Records excerpted from a collection:
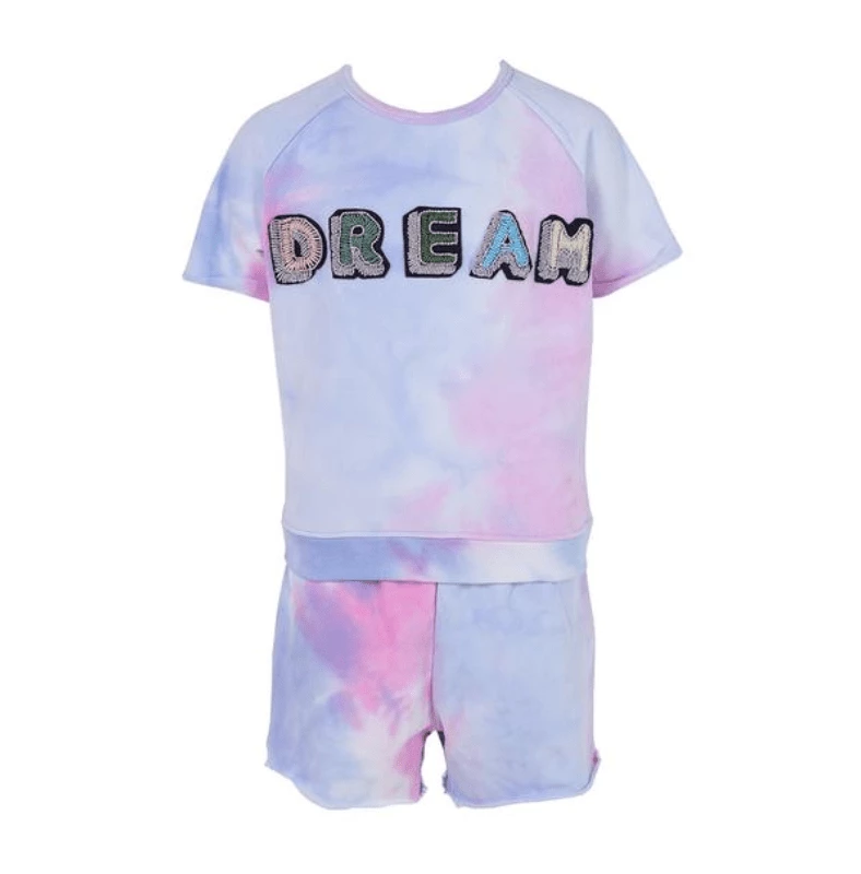 This tie dye track set features beautifully beaded patches and blue/purple hues!
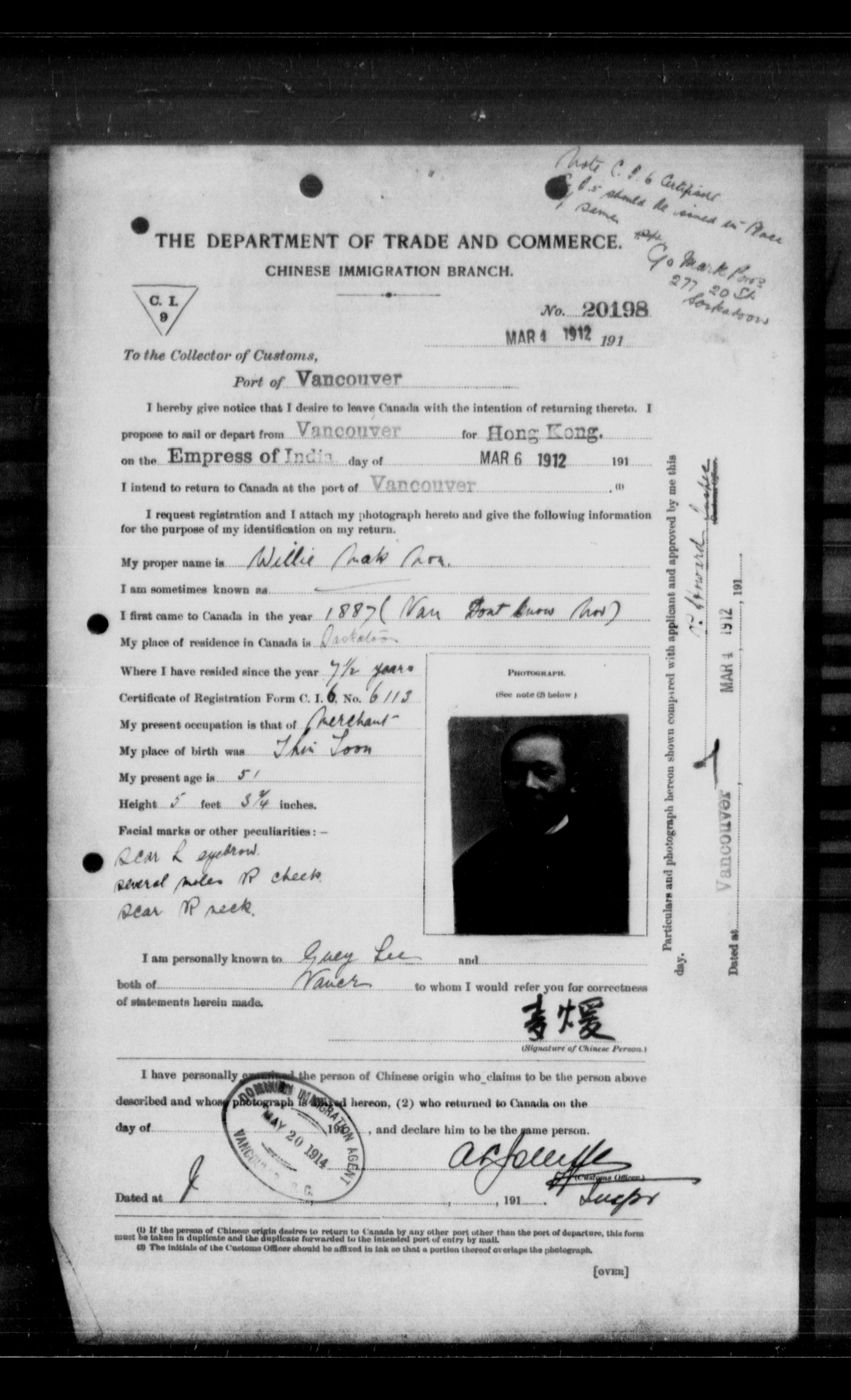 Chinese immigration records : C.I.9 certificates from Vancouver : Jan. 1911-Oct. 1913 - 6048
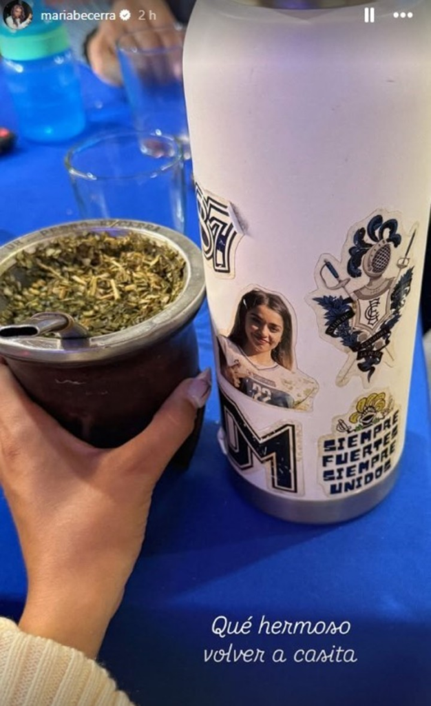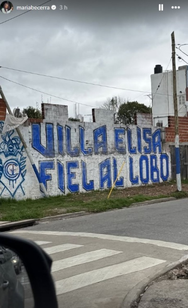 Publicó dos stories. Una de una pintada: “Villa Elisa, fiel al Lobo”. Otra con un mate y un termo con stickers de su imagen con la camiseta 22 del Tripero, un escudo y la leyenda: “Siempre fuertes, siempre unidos”.
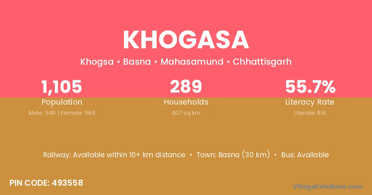 Khogasa village has a total population of 1,105 people, of which 540 are males and 565 are females.
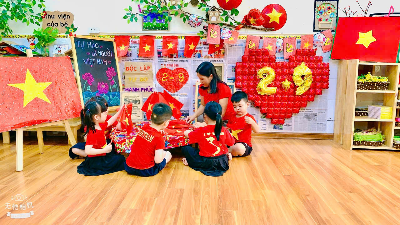 Bên cạnh các hoạt động trang trí, các cô giáo còn lồng ghép nhiều câu chuyện, trò chơi, bài học nhỏ để giúp trẻ hiểu thêm về ý nghĩa lịch sử của ngày Quốc khánh 2/9. Qua đó, các em không chỉ được trải nghiệm niềm vui, sự háo hức khi tham gia hoạt động tập thể, mà còn được bồi dưỡng tình yêu quê hương, lòng biết ơn, niềm tự hào dân tộc ngay từ lứa tuổi mầm non.
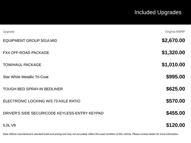 2026 Star White Metallic Tri-Coat 2026 Ford F-150 Lariat Lariat 4D SuperCrew 4WD 5.0L V8 4WD. Ford Connectivity Package (1-Year Included), Internet access capable: 5G Modem - Ford Connectivity Package, 4WD, 3.31 Axle Ratio, 4-Wheel Disc Brakes, 8 Speakers, ABS brakes, Air Conditioning, Alloy wheels, AM/FM radio: SiriusXM with 360L, Auto High-beam Headlights, Auto-dimming door mirrors, Auto-dimming Rear-View mirror, Automatic temperature control, Brake assist, Bumpers: chrome, Chrome wheels, Compass, Delay-off headlights, Driver door bin, Driver vanity mirror, Dual front impact airbags, Dual front side impact airbags, Electronic Stability Control, Emergency communication system: SYNC 4 911 Assist, Front anti-roll bar, Front Bucket Seats, Front Center Armrest, Front dual zone A/C, Front fog lights, Front reading lights, Front wheel independent suspension, Fully automatic headlights, Garage door transmitter, Heated door mirrors, Heated front seats, Heated steering wheel, Illuminated entry, Low tire pressure warning, Memory seat, Navigation system: Connected Navigation, Occupant sensing airbag, Outside temperature display, Overhead airbag, Overhead console, Panic alarm, Passenger door bin, Passenger vanity mirror, Power door mirrors, Power driver seat, Power passenger seat, Power steering, Power windows, Radio data system, Radio: B&O Sound System by Bang and Olufsen, Rain sensing wipers, Rear reading lights, Rear seat center armrest, Rear step bumper, Rear window defroster, Remote keyless entry, Security system, Speed control, Split folding rear seat, Steering wheel mounted audio controls, SYNC 4 with Enhanced Voice Recognition, Tachometer, Telescoping steering wheel, Tilt steering wheel, Traction control, Trip computer, Turn signal indicator mirrors, Variably intermittent wipers, Ventilated front seats, and Wheels: 18" Chrome-Like PVD. Price includes: $1,000 - Exp. 12/31/2026 Retail Trade Assistance. Must trade in a vehicle to qualify $1,000 - Exp. 12/31/2026 Dealer Finance Assistance. Must finance through dealer lender to qualify.
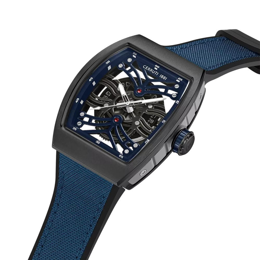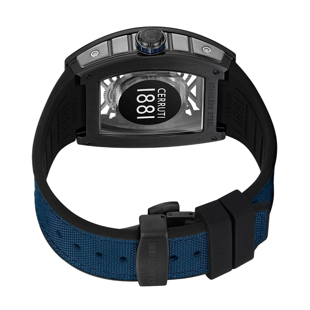 This striking timepiece from the Calliano collection offers a perfect blend of modern design and intricate detail. It operates on a reliable 2115-20P quartz movement, with the transparent dial offering a glimpse into the mechanism and featuring a practical date window. The durable black IP-coated stainless steel case is protected by scratch-resistant sapphire glass, while the navy blue rubber strap ensures comfort and a secure fit with a buckle clasp. With 50 meters of water resistance, this watch is an ideal choice for the modern man who values unique style and functional precision.
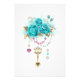 Antique gold key with trendy turquoise roses decorated with leaves of white gold and pink and blue beads. Fashionable colour. Turquoise roses. White gold. Blue tiffany.
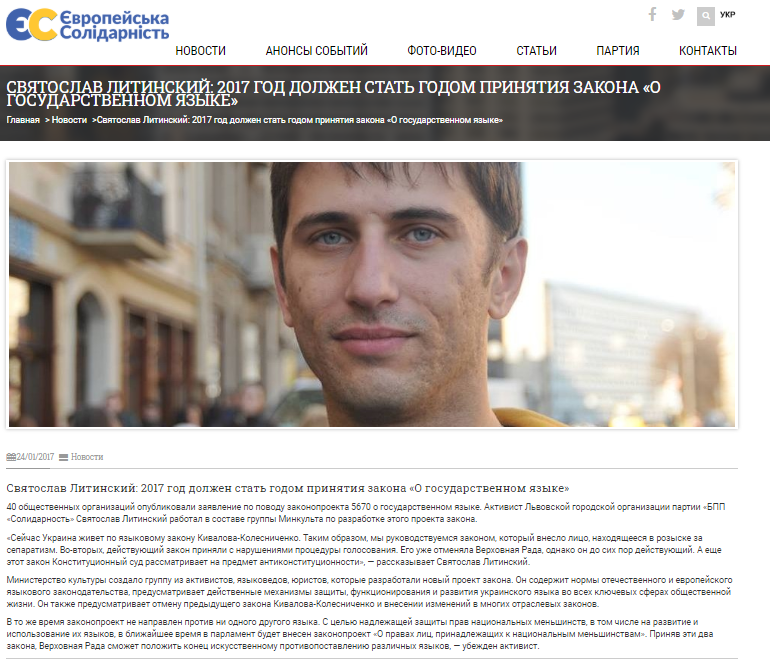Но вернемся к политическому прошлому Литинского. В 2017 году он был активистом Львовской городской организации партии "БПП Солидарность" - чему есть свидетельства на официальном сайте партии. Причем на русском языке.
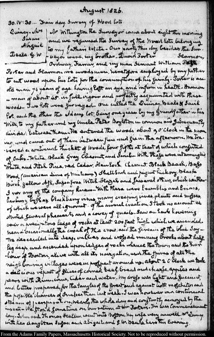 View full, authoritative transcriptions with page images of the diaries at John Quincy Adams Digital Diary part of the Primary Source Cooperative at the MHS.
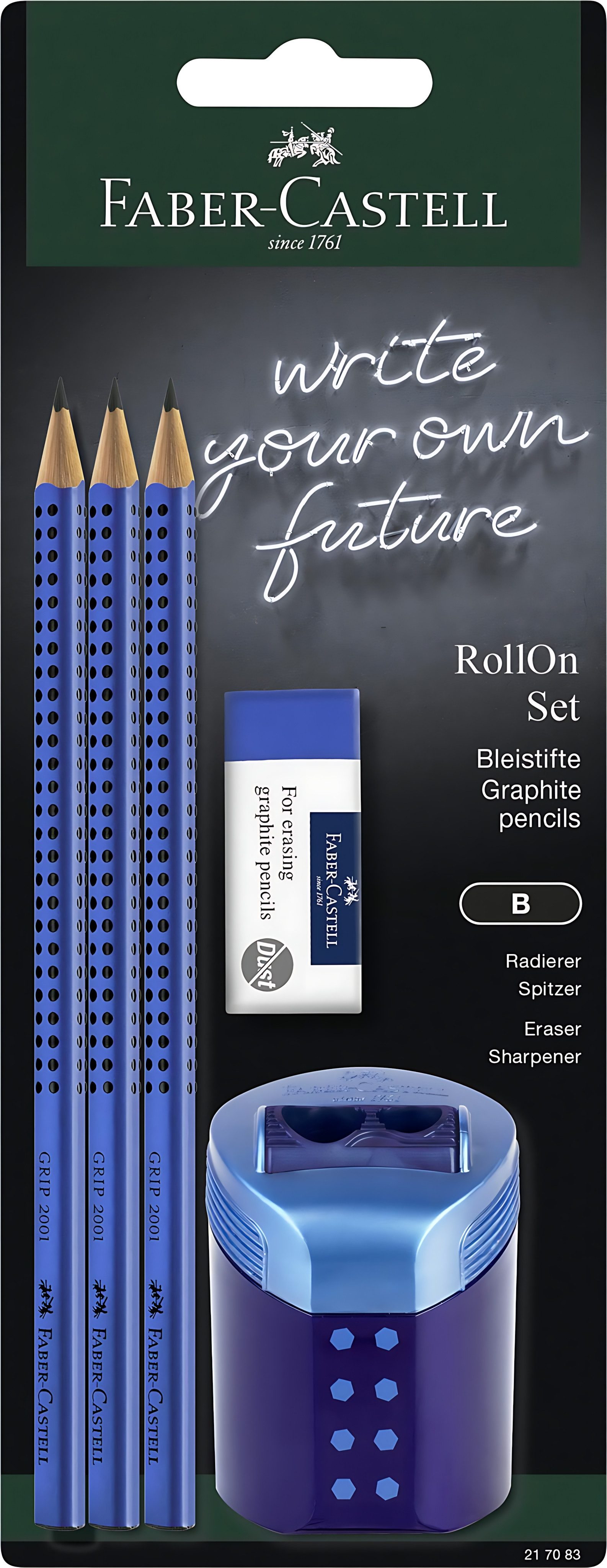 Bleistiftset GRIP 2001. ideale Ausstattung für Prüfungen, inkl. Bleistift, Spitzer und Radiergummi. Ausführung Stift: Ausführung der Schaftform: ergonomische Dreikantform, Härtegradkennzeichnung vorhanden, Bezeichnung der Härte: B, Ausführung des Spitzzustandes: gespitzt. Ausführung Schaft: Schaft lackiert, Lackierung auf Wasserbasis gegeben, Farbe des Schaftes: blau. Art der Verpackung und Inhalt: Ausführung der Lieferzusammenstellung: Bleistifte, Radierer und Spitzdose.Art der Verpackung: Blisterkarte. Ausführung des Inhalts mit Packung: Blisterkarte
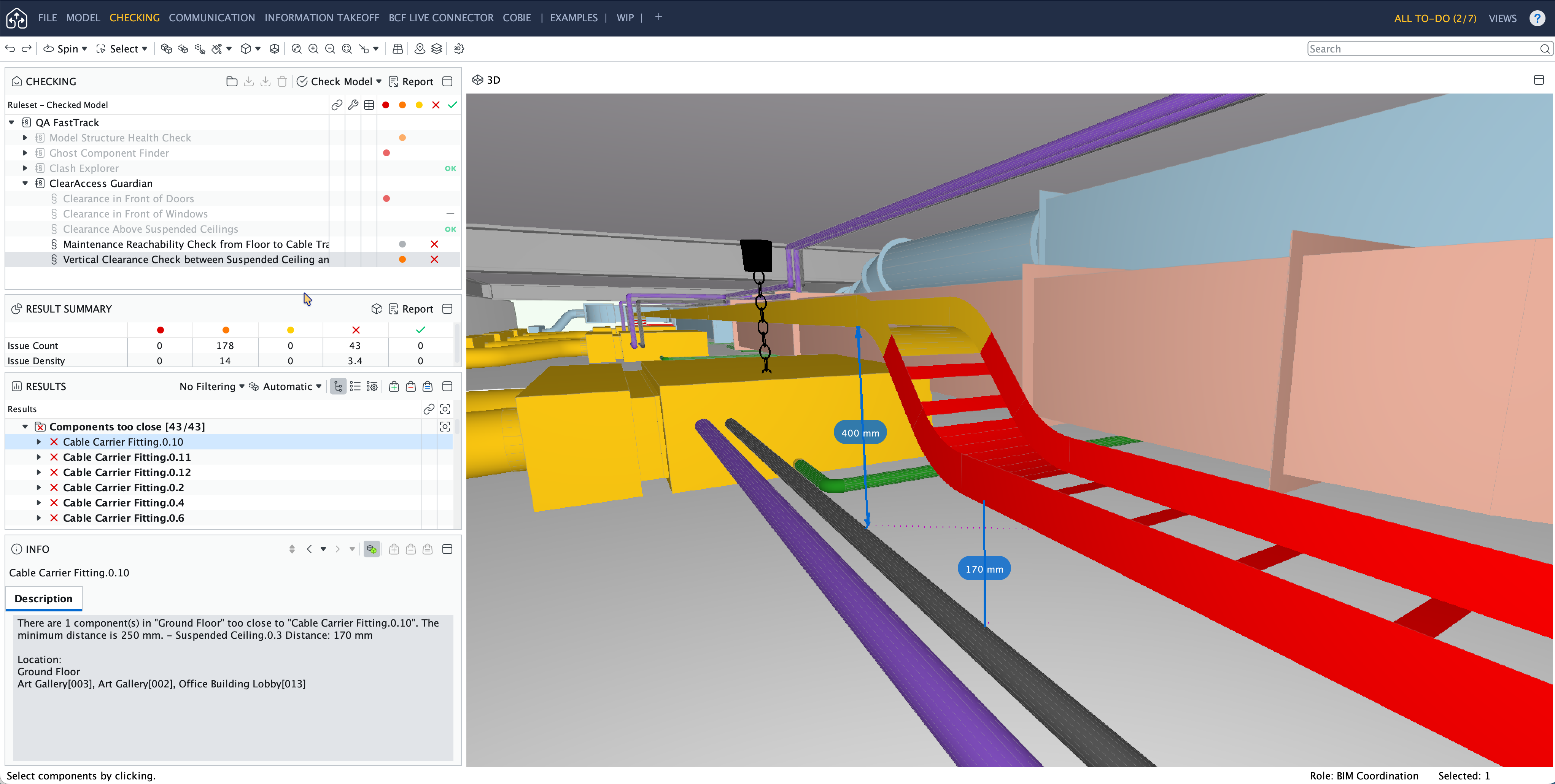 Melhor ainda, o modelo oferece uma maneira tridimensional de demonstrar à autoridade competente que o projeto está em conformidade com as normas locais. As autoridades competentes solicitam cada vez mais visualizações baseadas em BIM, como cortes transversais em 3D. O modelo validado torna o processo de conformidade mais rápido e fácil.

> [Task objective]:
Without including any picture, set down every line above exactly as it stands.

> [Response to the exercise]:
 This tie dye track set features beautifully beaded patches and blue/purple hues!
 Chinese immigration records : C.I.9 certificates from Vancouver : Jan. 1911-Oct. 1913 - 6048
 Publicó dos stories. Una de una pintada: “Villa Elisa, fiel al Lobo”. Otra con un mate y un termo con stickers de su imagen con la camiseta 22 del Tripero, un escudo y la leyenda: “Siempre fuertes, siempre unidos”.
 Khogasa village has a total population of 1,105 people, of which 540 are males and 565 are females.
 Bên cạnh các hoạt động trang trí, các cô giáo còn lồng ghép nhiều câu chuyện, trò chơi, bài học nhỏ để giúp trẻ hiểu thêm về ý nghĩa lịch sử của ngày Quốc khánh 2/9. Qua đó, các em không chỉ được trải nghiệm niềm vui, sự háo hức khi tham gia hoạt động tập thể, mà còn được bồi dưỡng tình yêu quê hương, lòng biết ơn, niềm tự hào dân tộc ngay từ lứa tuổi mầm non.
 2026 Star White Metallic Tri-Coat 2026 Ford F-150 Lariat Lariat 4D SuperCrew 4WD 5.0L V8 4WD. Ford Connectivity Package (1-Year Included), Internet access capable: 5G Modem - Ford Connectivity Package, 4WD, 3.31 Axle Ratio, 4-Wheel Disc Brakes, 8 Speakers, ABS brakes, Air Conditioning, Alloy wheels, AM/FM radio: SiriusXM with 360L, Auto High-beam Headlights, Auto-dimming door mirrors, Auto-dimming Rear-View mirror, Automatic temperature control, Brake assist, Bumpers: chrome, Chrome wheels, Compass, Delay-off headlights, Driver door bin, Driver vanity mirror, Dual front impact airbags, Dual front side impact airbags, Electronic Stability Control, Emergency communication system: SYNC 4 911 Assist, Front anti-roll bar, Front Bucket Seats, Front Center Armrest, Front dual zone A/C, Front fog lights, Front reading lights, Front wheel independent suspension, Fully automatic headlights, Garage door transmitter, Heated door mirrors, Heated front seats, Heated steering wheel, Illuminated entry, Low tire pressure warning, Memory seat, Navigation system: Connected Navigation, Occupant sensing airbag, Outside temperature display, Overhead airbag, Overhead console, Panic alarm, Passenger door bin, Passenger vanity mirror, Power door mirrors, Power driver seat, Power passenger seat, Power steering, Power windows, Radio data system, Radio: B&O Sound System by Bang and Olufsen, Rain sensing wipers, Rear reading lights, Rear seat center armrest, Rear step bumper, Rear window defroster, Remote keyless entry, Security system, Speed control, Split folding rear seat, Steering wheel mounted audio controls, SYNC 4 with Enhanced Voice Recognition, Tachometer, Telescoping steering wheel, Tilt steering wheel, Traction control, Trip computer, Turn signal indicator mirrors, Variably intermittent wipers, Ventilated front seats, and Wheels: 18" Chrome-Like PVD. Price includes: $1,000 - Exp. 12/31/2026 Retail Trade Assistance. Must trade in a vehicle to qualify $1,000 - Exp. 12/31/2026 Dealer Finance Assistance. Must finance through dealer lender to qualify.
 This striking timepiece from the Calliano collection offers a perfect blend of modern design and intricate detail. It operates on a reliable 2115-20P quartz movement, with the transparent dial offering a glimpse into the mechanism and featuring a practical date window. The durable black IP-coated stainless steel case is protected by scratch-resistant sapphire glass, while the navy blue rubber strap ensures comfort and a secure fit with a buckle clasp. With 50 meters of water resistance, this watch is an ideal choice for the modern man who values unique style and functional precision.
 Antique gold key with trendy turquoise roses decorated with leaves of white gold and pink and blue beads. Fashionable colour. Turquoise roses. White gold. Blue tiffany.
Но вернемся к политическому прошлому Литинского. В 2017 году он был активистом Львовской городской организации партии "БПП Солидарность" - чему есть свидетельства на официальном сайте партии. Причем на русском языке.
 View full, authoritative transcriptions with page images of the diaries at John Quincy Adams Digital Diary part of the Primary Source Cooperative at the MHS.
 Bleistiftset GRIP 2001. ideale Ausstattung für Prüfungen, inkl. Bleistift, Spitzer und Radiergummi. Ausführung Stift: Ausführung der Schaftform: ergonomische Dreikantform, Härtegradkennzeichnung vorhanden, Bezeichnung der Härte: B, Ausführung des Spitzzustandes: gespitzt. Ausführung Schaft: Schaft lackiert, Lackierung auf Wasserbasis gegeben, Farbe des Schaftes: blau. Art der Verpackung und Inhalt: Ausführung der Lieferzusammenstellung: Bleistifte, Radierer und Spitzdose.Art der Verpackung: Blisterkarte. Ausführung des Inhalts mit Packung: Blisterkarte
 Melhor ainda, o modelo oferece uma maneira tridimensional de demonstrar à autoridade competente que o projeto está em conformidade com as normas locais. As autoridades competentes solicitam cada vez mais visualizações baseadas em BIM, como cortes transversais em 3D. O modelo validado torna o processo de conformidade mais rápido e fácil.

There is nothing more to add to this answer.